Ana SayfaMakro EkonomiFED için zorlu karar: Enflasyon mu, resesyon mu?---

FED için zorlu karar: Enflasyon mu, resesyon mu?

FED için zorlu karar: Enflasyon mu, resesyon mu?
20 Mart 2024 - 17:01 borsagundem.com

FED yönetimi yükselen enflasyon verileri nedeniyle faiz indirimlerini daha fazla ertelemeyi düşünebilir. Ancak bu ihtimal resesyon beklentilerini yeniden gündeme getiriyor

BORSAGUNDEM.COM – DIŞ HABERLER SERVİSİ

ABD Merkez Bankası (FED) gün içerisinde piyasaların merakla beklediği para politikası toplantısını sonlandıracak. Yatırımcılar için en büyü soru ise son zamanlarda beklentilerin üzerinde gelen enflasyon verilerinin ardından faizlerin düşürülmesi için bir miktar daha beklenip beklenmeyeceği.

FED yönetimi ise çok daha farklı bir endişeyle karşı karşıya: Çok fazla uzun süre beklenirse Amerikan ekonomisinde istenmeden bir resesyona yol açılabilir mi?

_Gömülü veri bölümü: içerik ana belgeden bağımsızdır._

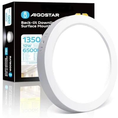 Aigostar LED Ceiling Light, 12W Daylight White Lights, 6500K Kitchen Lights Ceiling, 1350LM Cool for Bedroom, Living Room, Hallway, Outside Porch and More

Yetkililer muhtemelen para politikası toplantısında resesyon riskini ön plana çıkarmayacaklar. Ancak Wall Street Journal’ın haberine göre bu riskin yılın geri kalanında FED yönetiminin kararlarını ve faiz indirimi rotasını etkilemesi muhtemel.

Piyasa çevreleri Türkiye saatiyle 21:00’da sona erecek toplantının ardından politika faizlerinin 23 yılın en yüksek seviyesi olan %5,25 ila %5,5 aralığında tutulacağından emin. Yatırımcıların odak noktası ise FED’in faiz indirimleri ve ekonomi konularındaki projeksiyonları olacak.

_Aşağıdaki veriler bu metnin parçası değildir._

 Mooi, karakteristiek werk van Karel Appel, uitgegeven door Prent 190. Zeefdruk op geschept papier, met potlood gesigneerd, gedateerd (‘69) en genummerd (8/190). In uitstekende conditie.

FED’in aralık ayında yayınlanan en son projeksiyonları, 2023’ün sonunda %3’ün biraz üzerinde olan enflasyonun bu yılın sonuna kadar %2,5’in altına düşeceği yönündeydi. FED yönetimi bu yıl üç kez çeyrek puanlık faiz indirimi gerçekleştirmeyi planlıyordu.

Ancak hem ocak hem de şubat aylarında ABD enflasyonu beklentilerin üzerinde geldi. Yatırımcılar FED yönetiminin hala üç faiz indirimi mi düşündüğünü yoksa faiz indirimi beklentilerini ikiye mi indireceğini tartışıyor. FED Başkanı Jerome Powell’ın basın toplantısında ilk faiz indiriminin tarihine dair paylaşması muhtemel ipuçları da piyasaların gündeminde.

Bu ayın başlarında Powell aylık enflasyon verilerinin düşüş eğilimini devam ettirdiği sürece merkez bankasının yıl ortasına kadar faizleri düşürme rotasında olduğunu söylemişti. ABD Kongresi’nde milletvekillerine yaptığı açıklamada Powell, “Bu güveni elde ettiğimizde ve hedefimizden çok uzak olmadığımızda ekonomiyi resesyona sürüklememek için kısıtlama seviyesini geri çevirmemiz uygun olacaktır” ifadelerine yer vermişti.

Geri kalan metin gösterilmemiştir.